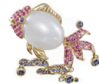
周大福名贵珠宝 18K 金镶珍珠首饰
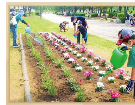
海の公園 花壇作り
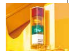
▲ACS外部表示装置(オプション)
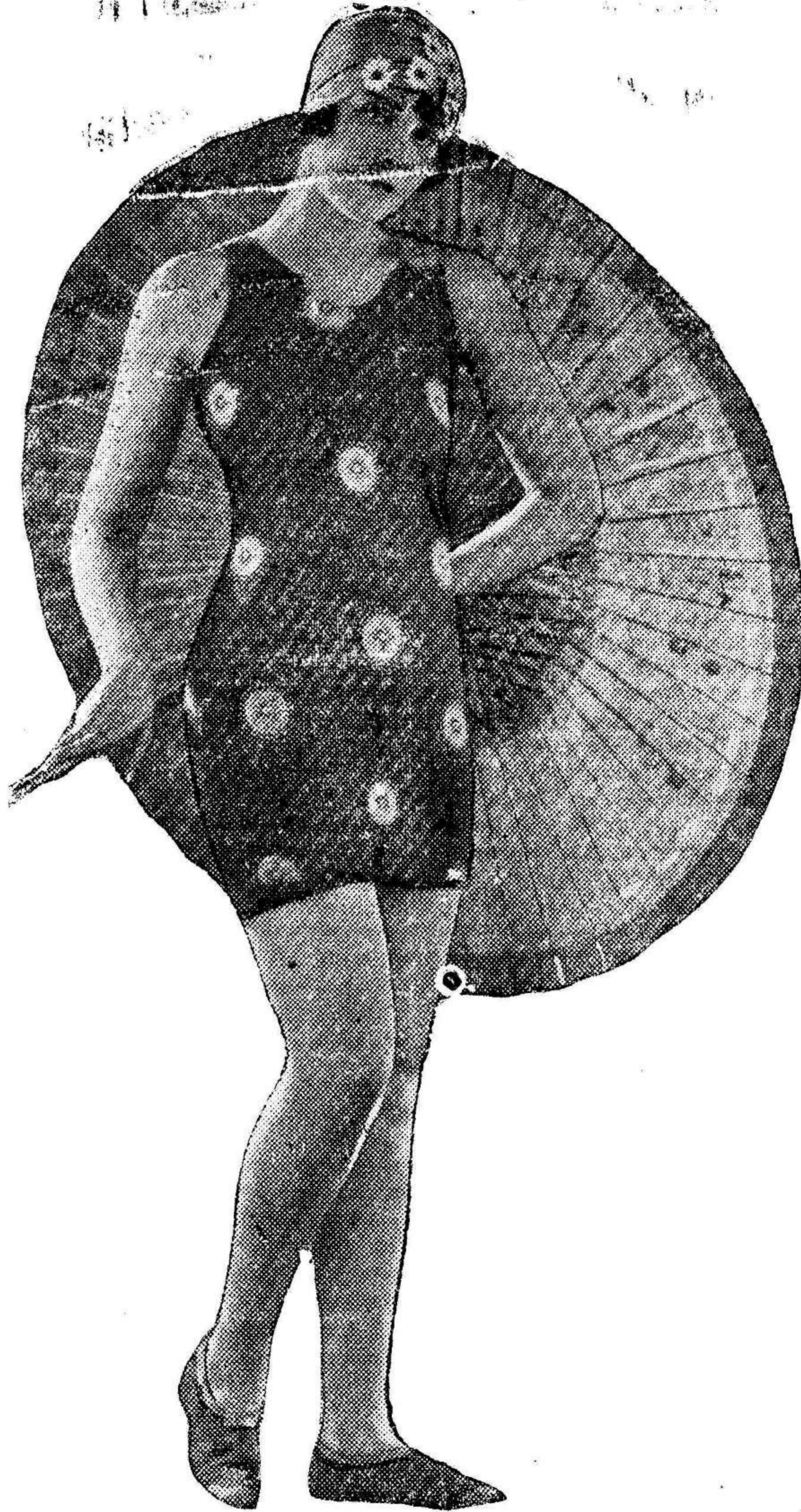
Un sugestivo modelo de bañador femenino visto en una playa extranjera.

(Conferencia telefónica) 12, a las 3 t. Madrid.—El Tribunal Supremo ha informado denegando el recurso interpuesto por el expresidente del Consejo, contra la multa de quinientas mil pesetas que le fué impuesta por la Presidencia del Consejo.
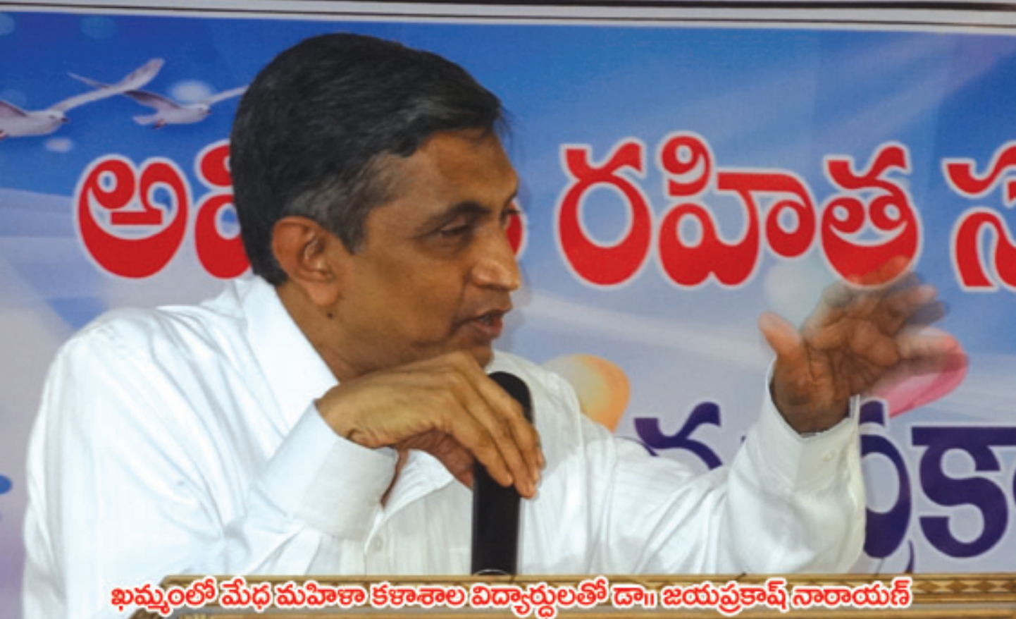
ఖమ్మంలో మేధ మహిళా కళాశాల విద్యార్థులతో డా॥ జయప్రకాష్ నారాయణ్
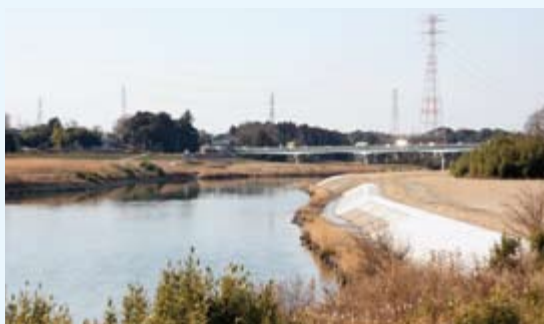
▲久慈川沿岸から見た櫓橋

出よ 水清きゴジンヤ橋の思い うな和歌を作っています。 城里町石塚出身)は次のよ
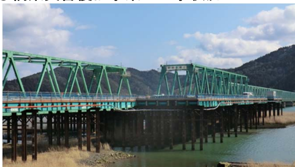
【(国)398号新北上大橋 石巻市北上町橋浦地内】
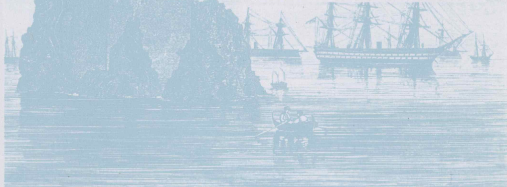
MADEIRA: Fortaleza do Ilhéu, segundo uma gravura de Pedrozo, publicada em "Archivo Pitoresco", 1864.
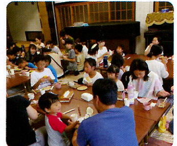
▲子ども食堂『ふれあい食堂』
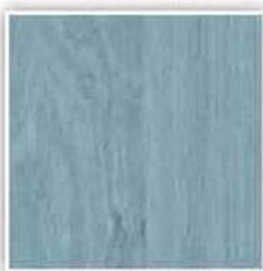
635 OLŠE MODRÁ
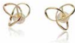
GD-3122 K18 or K10 W11.5mm×H13mm
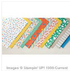
Party Animal Designer Series Paper - 147365
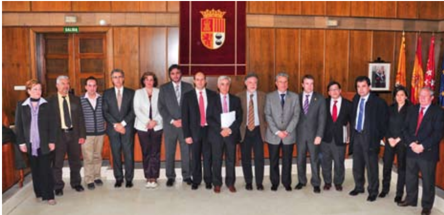
Foto de familia con los ediles de los ayuntamientos afectados por los ruidos de los aviones.
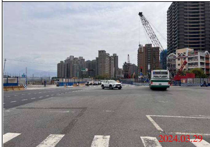
巡查日期地點：113.03.29/ Y22車站 照片說明：路面狀況
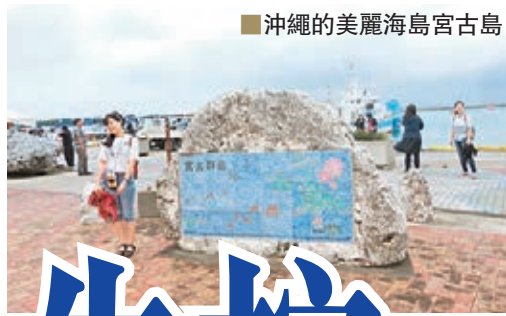
■ 沖繩的美麗海島宮古島
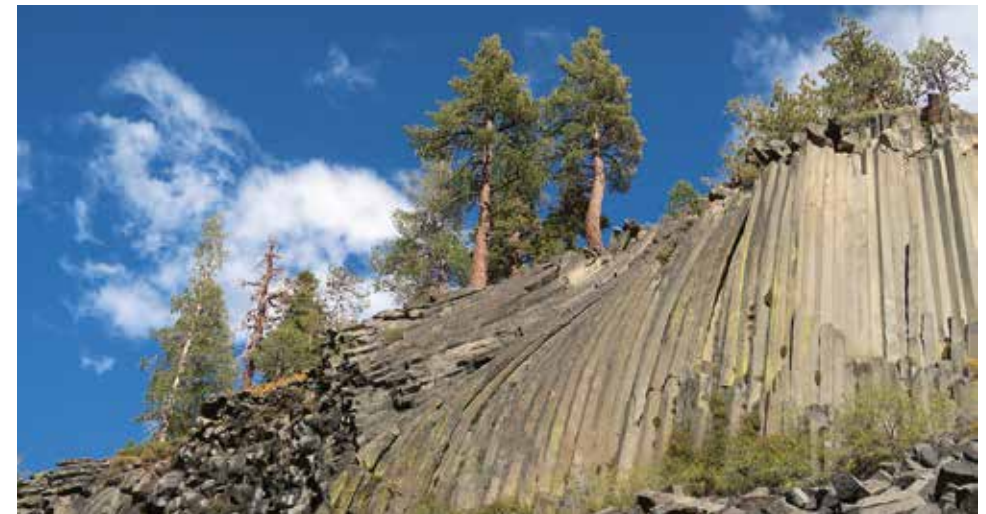
Postkartenidylle am Thousand Island Lake (Ansel Adams Wilderness)

lassen wir erneut die unterhaltenen Trails und stoßen in das wilde Miter Basin vor. Das nahezu ebene einsame Hochtal am Rand des Sequoia Nationalparks wird von schroffen Granitgipfeln eingerahmt, während im Talgrund ein kleiner Bergbach über Felsstufen herabrauscht. Eine sternklare eisige Nacht lässt die Ränder der Bäche und Kaskaden zu durchsichtigen Kunstwerken erstarren. Der treffend bezeichneten Sky Blue Lake ist das Ziel einer kleinen Erkundungstour, bevor wir uns auf die Suche nach einem geeigneten Basislager für den geplanten Gipfelsturm des Mount Langley machen. In der Nacht fallen die Temperaturen erneut deutlich unter den Gefrierpunkt und wir sind froh über unsere dicken Daunenschlafsäcke. Doch wir lassen uns am nächsten Morgen auch nicht vom

● ● ● ● ●

> _Problem details_
Set down again, word for word, every line from the one with "ఖమ్మంలో మేధ మహిళా" to the one with "Party Animal Designer Series Paper - 147365" in the entries above, and omit the pictures.

> _Solved exercise_
ఖమ్మంలో మేధ మహిళా కళాశాల విద్యార్థులతో డా॥ జయప్రకాష్ నారాయణ్
▲久慈川沿岸から見た櫓橋

出よ 水清きゴジンヤ橋の思い うな和歌を作っています。 城里町石塚出身)は次のよ
【(国)398号新北上大橋 石巻市北上町橋浦地内】
MADEIRA: Fortaleza do Ilhéu, segundo uma gravura de Pedrozo, publicada em "Archivo Pitoresco", 1864.
▲子ども食堂『ふれあい食堂』
635 OLŠE MODRÁ
GD-3122 K18 or K10 W11.5mm×H13mm
Party Animal Designer Series Paper - 147365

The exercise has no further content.